- **Dataset extract**:
---------------

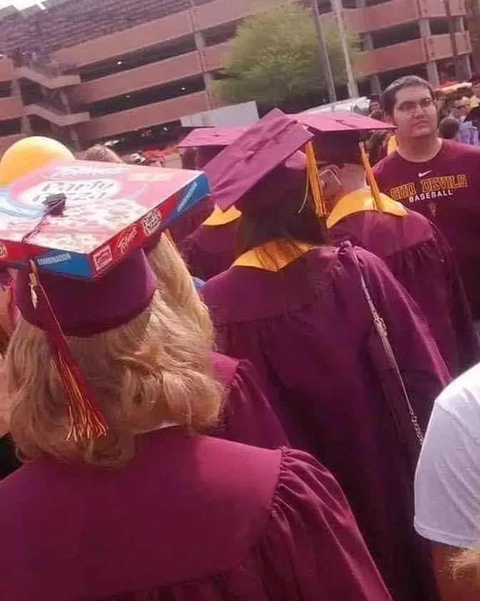 Saat semua lulusan pakai toga polos, ada yang menambahkan aksesori nyentrik—tetap pede!
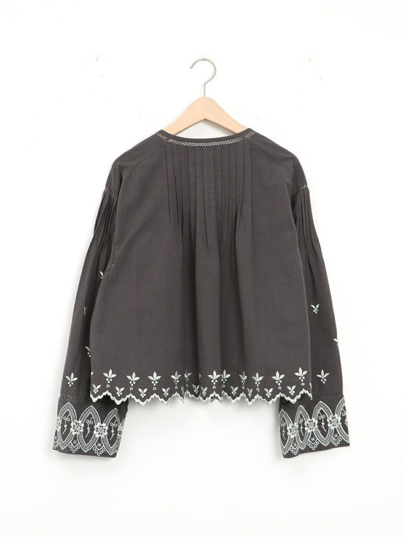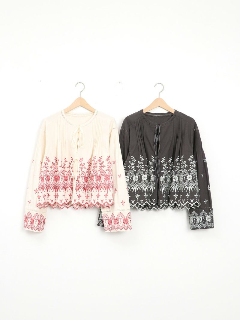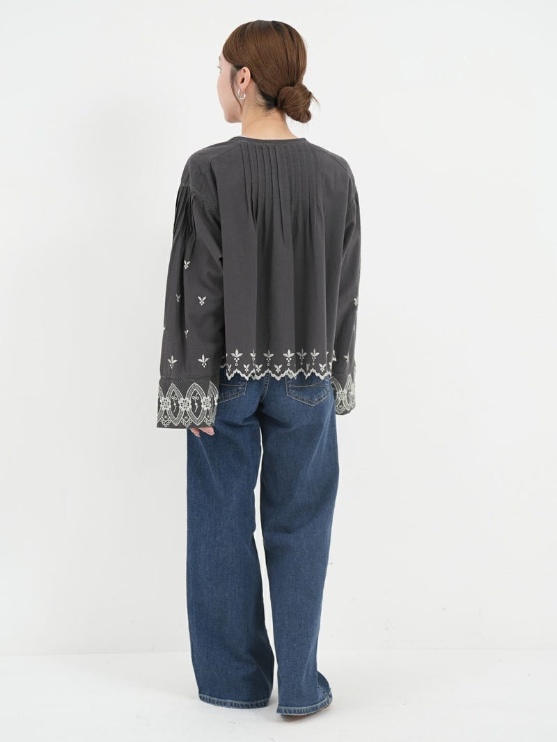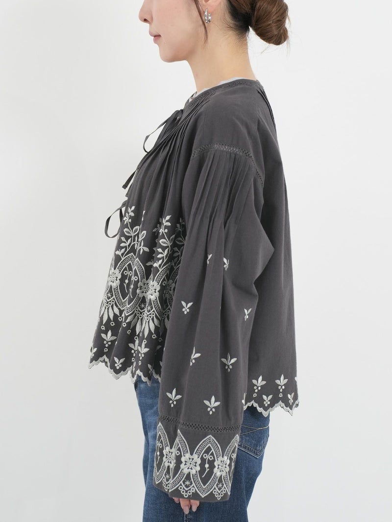 繊細で美しいエンブロイダリーがフェミニンで華やかな印象を与えてくれるトップ。 きゅっと結んだかわいいリボン、細やかなピンタック、ボリューム袖が女性らしさを引き立てます。爽やかでクリーンなコットン素材を用いて、快適な着心地をキープ。絶妙な着丈バランスで、ワンピースからパンツルックまで着まわしが効きます。
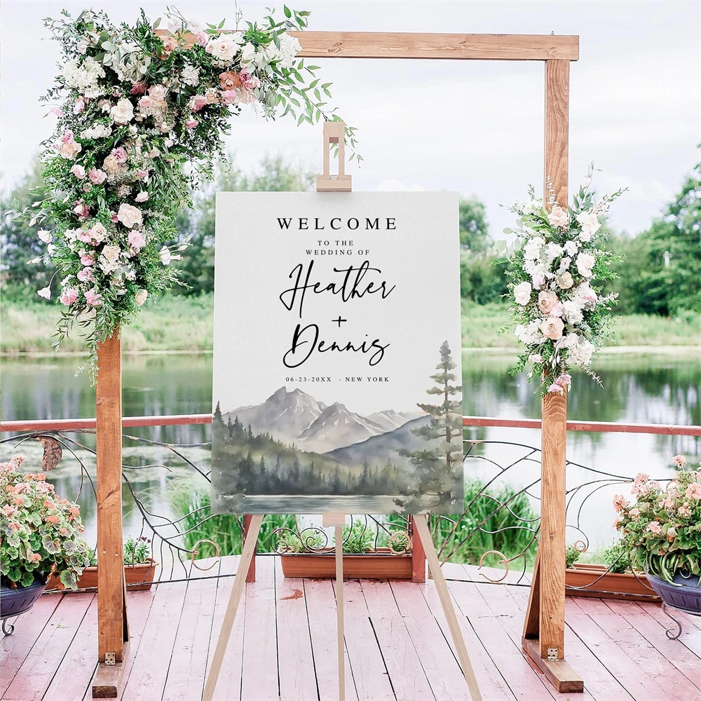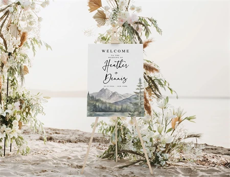 Mountain Welcome Sign, Lake, Printable Wedding Rustic,Canva
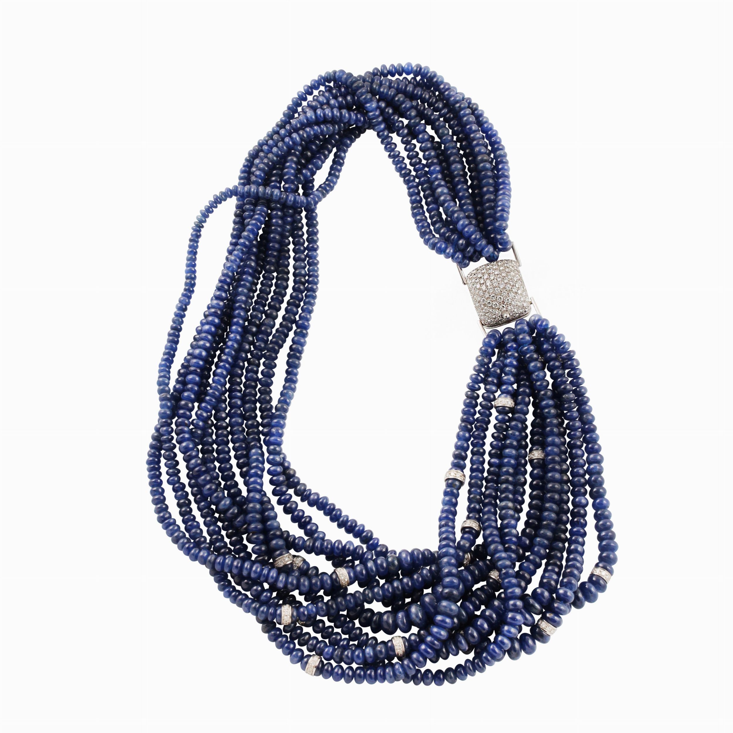girocollo a dieci fili di zaffiri digradanti del peso complessivo di 900 ct ca. con parte anteriore ornata da rondelle in oro bianco e brillanti. Fermezza laterale bombata in oro bianco con pavé di brillanti del peso complessivo di 3 ct ca., gr. 218,6.

---------------

- **Your goal**:
Repeat the material exactly as it reads, without any of its pictures.

- **Written answer**:
 Saat semua lulusan pakai toga polos, ada yang menambahkan aksesori nyentrik—tetap pede!
 繊細で美しいエンブロイダリーがフェミニンで華やかな印象を与えてくれるトップ。 きゅっと結んだかわいいリボン、細やかなピンタック、ボリューム袖が女性らしさを引き立てます。爽やかでクリーンなコットン素材を用いて、快適な着心地をキープ。絶妙な着丈バランスで、ワンピースからパンツルックまで着まわしが効きます。
 Mountain Welcome Sign, Lake, Printable Wedding Rustic,Canva
girocollo a dieci fili di zaffiri digradanti del peso complessivo di 900 ct ca. con parte anteriore ornata da rondelle in oro bianco e brillanti. Fermezza laterale bombata in oro bianco con pavé di brillanti del peso complessivo di 3 ct ca., gr. 218,6.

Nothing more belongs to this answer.